So yesterday I turned 40. It seems hard to believe. I said to my mother, on FaceTime, that it felt pretty much the same, and we laughed.
There are all kinds of stigmas attached with 40. It's just the beginning of a new decade, after all. But there are cards attached with old jokes, a new societal paradigm that "40 is the new 20" and, unfortunately, new tests the doctor orders for you when you reach this esteemed age.
I don't feel 20, and LORD am I glad that I don't. 20, in hindsight, may actually be worse than sophomore year of high school, and that is saying something.
Soon, my doctor will insist on a mammogram. I will go. I will schedule that appointment the same day I receive my referral, and this is why:
When I was 8 and a half years old, we all woke up one morning, got into our uniforms, got on the bus, and went to school. The night before, our father had been away. It wasn't an abnormal thing for Dad to be gone. He traveled a lot for work, and so a night away was pretty commonplace and we did what we always did. We had dinner, we managed homework, we may have watched a little TV, and we went to bed. So anyway, we were at school, and at the time, 4 of us were at school together at IHM. Near the end of the day, the PA system switched on, and the closing announcements, prayers, and dismissal started. One of the announcements requested that my siblings and I report to the office. I was embarrassed. It was the first time my name was on the PA system, and it usually meant you were in trouble. I have never been a real troublemaker.
I met my brother coming from his classroom, and we turned and walked down the main hall and to the office.
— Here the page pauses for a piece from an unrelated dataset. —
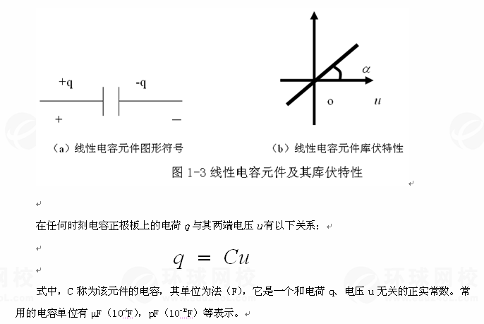 從圖1-3(b)中,可以看出線性電容元件的電荷、電壓關(guān)系在q-u坐標(biāo)軸上,是一條過原點的直線,被稱為電容的庫伏特性。

When we were all there, they seated us and said that they had bad news and good news for us. The bad news was that our father had a heart attack that morning, but he was recovering in the hospital and would be fine after a time. The good news was that Deacon Mike and Sister Mary Kelly were taking us home!
That was not the good news, really. The good news was that he was going to recover.
When my dad was 39, he was at our doctor's office having some stitched checked out, and had a dizzy spell. The doctor was worried, spoke with him about it, and referred him to a cardiologist to have a stress test performed. According to my mother, my father was not always a follow the advice person when it came to the doctor, but this time be did, without hesitation. He scheduled his test, and he went to the hospital to have it done. They discovered during the preliminary testing that he had already had a small heart attack, and admitted him to observe overnight. That was the night he was away. Being in the hospital saved him. It saved our family, too.
The most excellent news is that Dad recovered, and is amazingly healthy now, more than 30 years later. He has been at every single event his children and his wife have had - performances, college graduations, graduate program graduations, weddings, grandchildren's births. His cholesterol is better than mine. Mine is good because starting at age 8 and a half, my family's diet changed to make us healthier.
The doctor will tell me that I need to go have this test. I will go. I have had too many amazing friends fall victim to illness. I won't have my children missing me because I was too busy to do what I needed to do to stay healthy. My dad did, all those years ago, and it's his example I will follow. Just another one of the many lessons I have learned, and keep learning, from him.